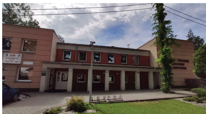
GOK w Bestwinie

Kontakt z pracownikami GOK od poniedziałku do piątku w godz. 7.30 – 15.30 pod numerami telefonów 32 214 13 65; 32 214 15 87
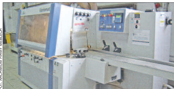
Nowy nabytek firmy: automat strugający i frezujący.

Pan Baś wymienia zalety urządzeń, kupionych dzięki dotacji z UE i podkreśla, że na inwestycji zyska dział badawczo-rozwojowy zakładu. – Automat strugający i frezujący, łączy technologie strugarki czterostronnej i frezarki stacjonarnej i zdobył złoty Medal na Targach Drema 2008. Kabina susząca, dzięki nowoczesnej technologii promieniowania, pozwala szyb-

AIM OF THE EXERCISE —
From the first line to the last, retype the material exactly and exclude the pictures.

ANSWER TO THE EXERCISE —
GOK w Bestwinie

Kontakt z pracownikami GOK od poniedziałku do piątku w godz. 7.30 – 15.30 pod numerami telefonów 32 214 13 65; 32 214 15 87
Nowy nabytek firmy: automat strugający i frezujący.

Pan Baś wymienia zalety urządzeń, kupionych dzięki dotacji z UE i podkreśla, że na inwestycji zyska dział badawczo-rozwojowy zakładu. – Automat strugający i frezujący, łączy technologie strugarki czterostronnej i frezarki stacjonarnej i zdobył złoty Medal na Targach Drema 2008. Kabina susząca, dzięki nowoczesnej technologii promieniowania, pozwala szyb-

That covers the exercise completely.